On my right was a Dutchman, Karl, who had met his wife in Wyoming. Karl had brought an even more unusual offering, snail caviar! Unlike the salted and matured roe of the sturgeon which comes from the Caspian Sea, and that we know as Beluga or Seruga, this was a truly new delicacy.

Cavaire l’Escargot is now on menus of three-star restaurants as well as on order from Harrods. It tastes of wild mushrooms. It is not cheap.  A 30g jar costs 49 euros and 50g is 82 euros. These eggs are called “white pearls,” and unlike the snails that are usally consumed with garlic and butter, they do not come from Eastern Europe.  White pearls are conserved in salt from Guerande and can be kept for three months in the fridge in vacuum-sealed jars.  They come from gros gris, (fat grey) snails, a North African variety. The average snail lays about 100 eggs, once a year in springtime.

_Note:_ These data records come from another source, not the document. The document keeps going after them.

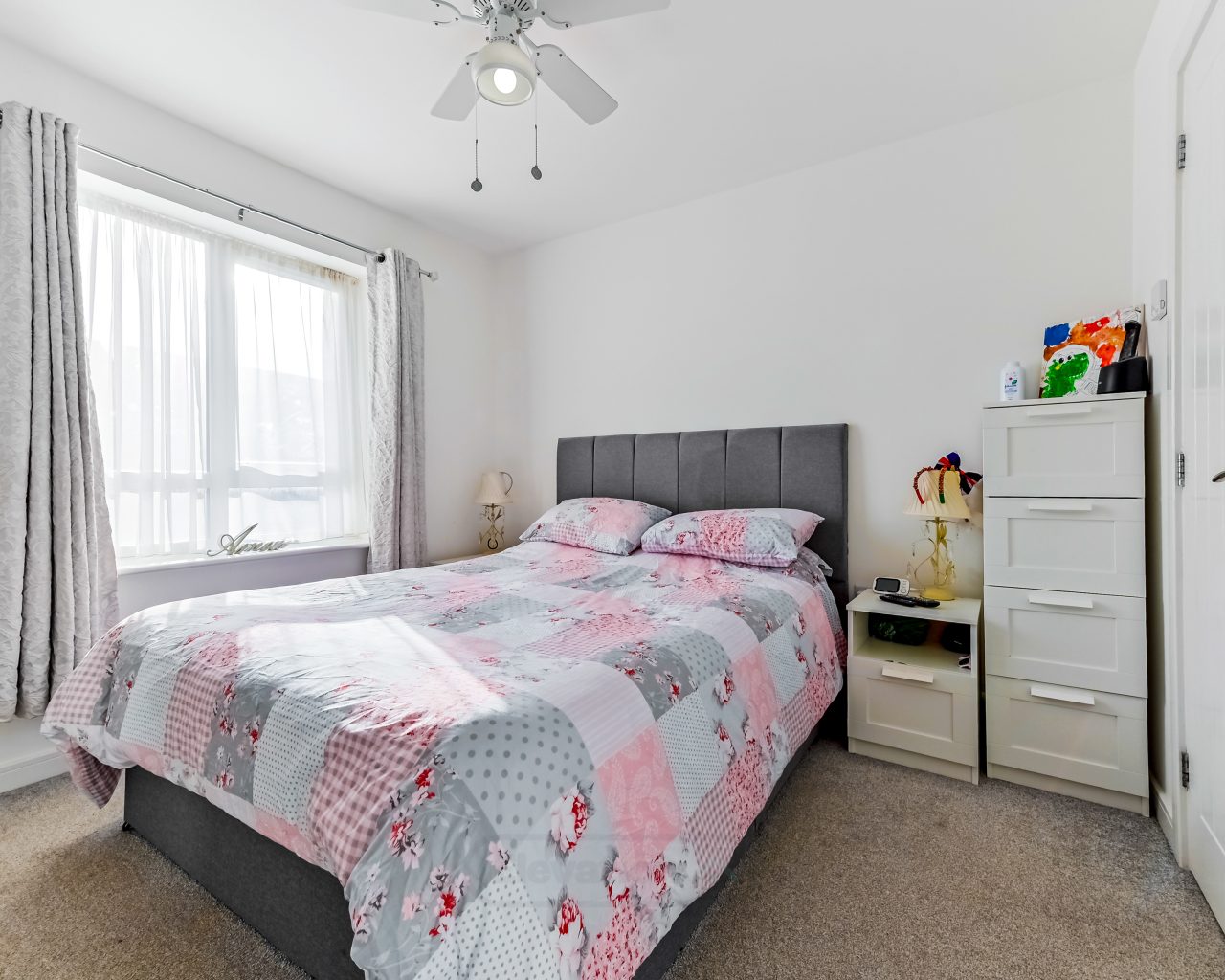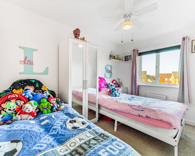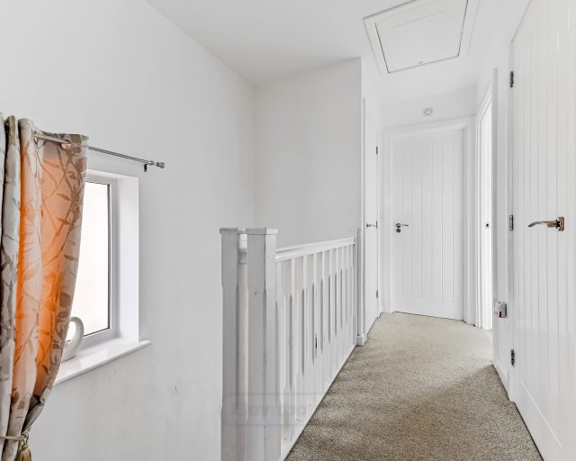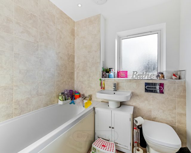 To the first floor, the property boasts three well-proportioned bedrooms. The principal bedroom benefits from a private en-suite shower room, while the remaining two double bedrooms are ideal for a growing family, guests or home working. A contemporary three-piece family bathroom completes the accommodation.
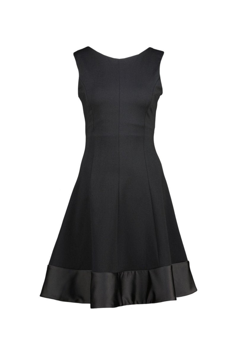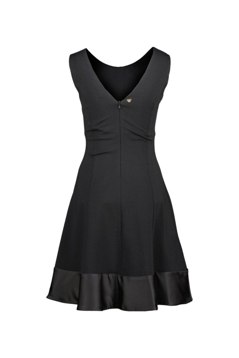 De aangesloten bovenkant loopt vloeiend uit in een zwierige rok die elegant meebeweegt. Onderaan de rok zorgt een chique, glanzende satijnlook rand voor een luxueuze touch. De zachte V-hals aan de achterkant – afgewerkt met een subtiel hartdetail bij de rits – geeft de jurk een extra vrouwelijke en moderne uitstraling.
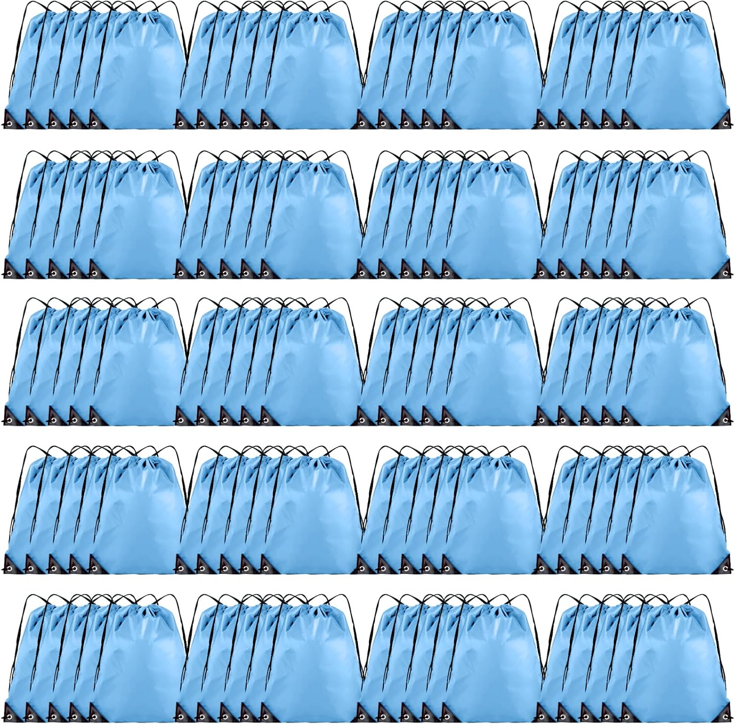 100 Pieces Drawstring Backpack Bulk Cinch Sackpack Ployster Drawstring Bags for Gym Party Trip(Sky Blue)
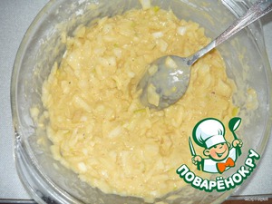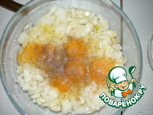 5 луковиц мелко режем.Блендером и мясорубкой пользоваться не рекомендуется,т.к. лук тогда может горчить(не знаю,не проверяла:))
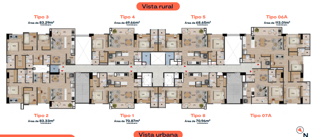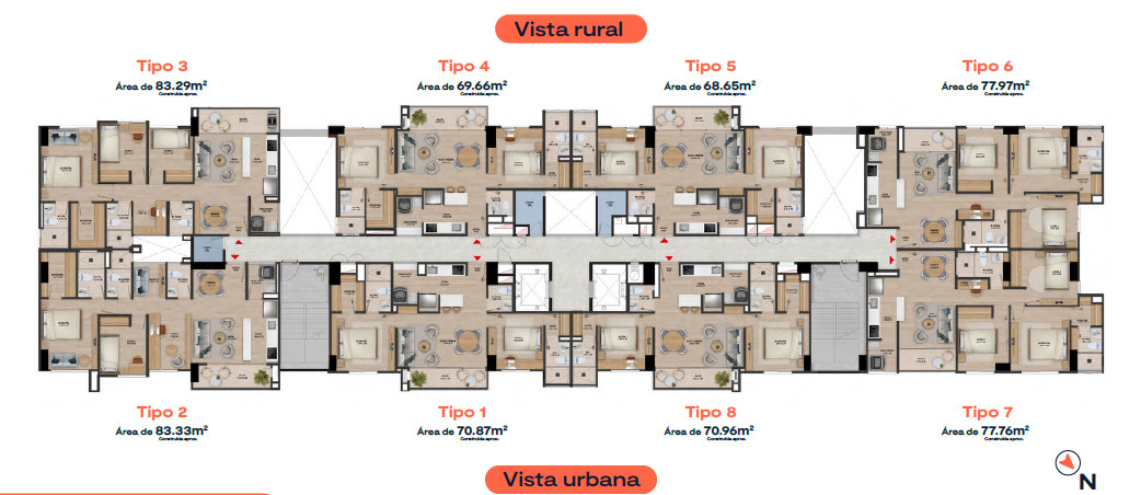 Áreas desde 68.65m2 hasta 113.01m2, con 2 o 3 habitaciones que se adaptarán a tu esencia y estilo de vida, 2 o 3 baños, salón comedor, cocina abierta, estudio, balcón, zona de ropas y parqueadero privado.
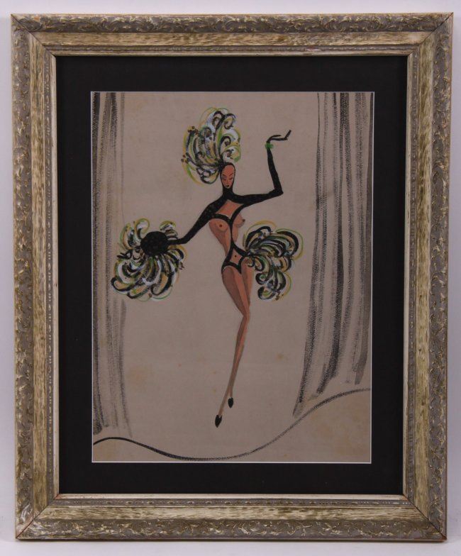 Rare original gouache painting on paper of Paris Follies wardrobe. Paris Follies of 1956, a 1955 American film directed by Leslie Goodwins. The film is also known as Fresh from Paris in the USA (TV title). (Size: See second photo for measurement.) Photos are part of the description representing the condition report. Pangaea Auctions urges Bidder's to view all attached photos.
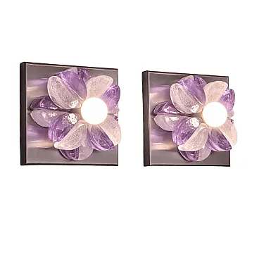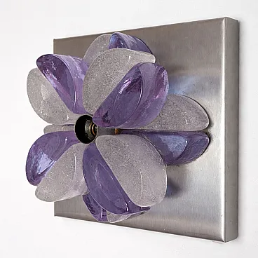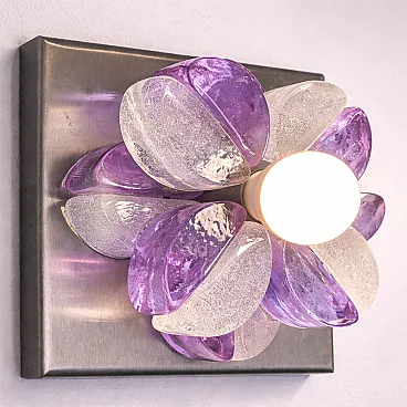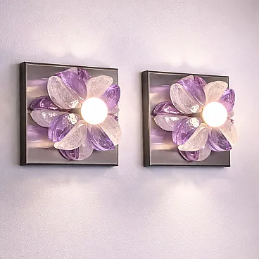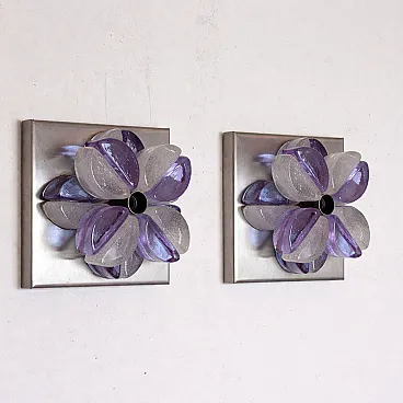 This pair of Mid-Century Modern wall sconces was designed by Albano Poli and produced by Poliarte in Italy in the 1970s. The wall lights feature a sculptural composition of Murano glass elements arranged in a radial shape around a central light source, fixed to a square metal base.
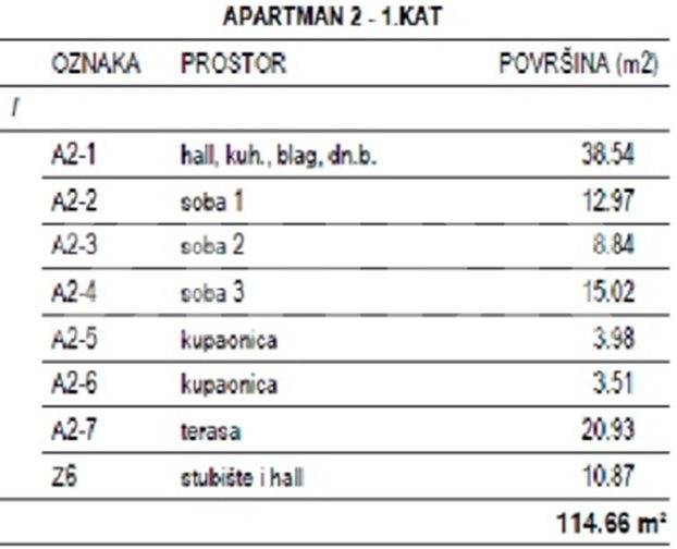 Apartman A2 se sastoji od ulaznog hodnika, dnevnog boravka s blagavaonicom i kuhinjim, tri spavaće sobe, dvije kupaonice i velike terasa, ukupne prodajne površine 115 m2 i jednog vanjskog parkirnog mjesta - cijena 516.000 eura

Karl served the snail caviar on toast with chilled champagne and a sage leaf. There were “oohs and ahhs” all around as this unusual delicacy was sampled.

I guess what I’m getting at is that change is an everyday occurrence in these days and times. We are acclimatized to the Shock of the New, on our palates as well as our palettes.

Salim, our guide to the Cairo museum some fifty years ago, would probably smile and dismiss our new gastronomic dishes as “old hat” and lead us to a fossil of l’escargot ancienne and tell us that the pharaohs ate snail caviar most weekdays. He would insist “There is nothing new under the sun!”